Quantum structure of T-dualized models with symmetry breaking

TL;DR

This paper investigates the T-duality of principal sigma-models with symmetry breaking, deriving conditions for torsionlessness and one-loop renormalizability, and applies these to Bianchi models to analyze their quantum properties.

Contribution

It provides explicit formulas for the torsion and Ricci tensor of dual models with symmetry breaking and proves inheritance of renormalizability, extending understanding of T-duality in broken symmetry contexts.

Findings

Dual models inherit one-loop renormalizability from original models.

Conditions for dual models to be torsionless are established.

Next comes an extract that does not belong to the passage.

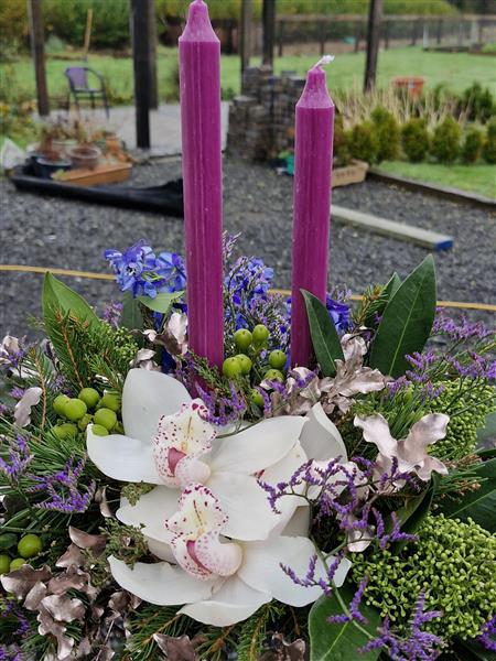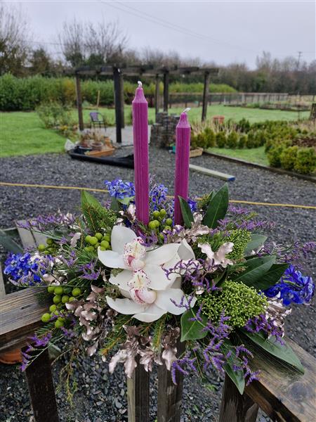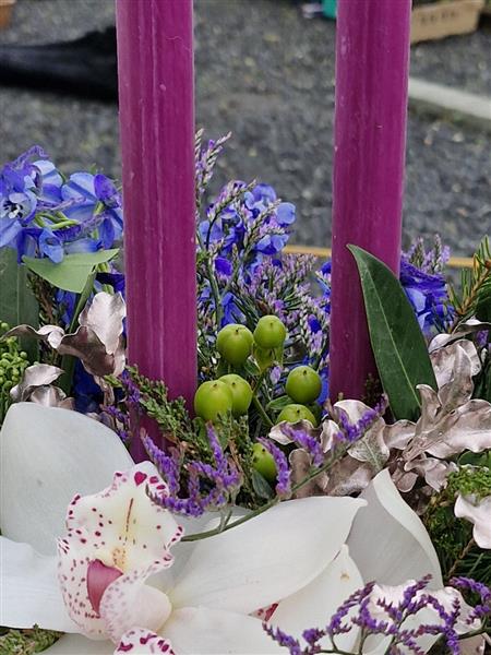 Alternative table arrangement using blue and purple tones metallic foliage.

Certain Bianchi models exhibit absence of dilaton anomaly under specific parameters.

Abstract

We study the principal sigma-models defined on any group manifold GL x GR/GD with breaking of GR, and their T-dual transforms. For abritary breaking we can express the torsion and Ricci tensor of the dual model in terms of the frame geometry of the initial principal model. Using these results, we give necessary and sufficient conditions for the dual model to be torsionless and prove that the one-loop renormalizability of a given principal model is inherited by its dual partner, who shares the same beta-functions. These results are shown to hold also if the principal model is endowed with torsion. As an application we compute the beta-functions for the full Bianchi family and show that for some choices of the breaking parameters the dilaton anomaly is absent: for these choices the dual torsion vanishes. For the dualized Bianchi V model (which is torsionless for any breaking), we take advantage of its simpler structure, to study its two-loops renormalizability.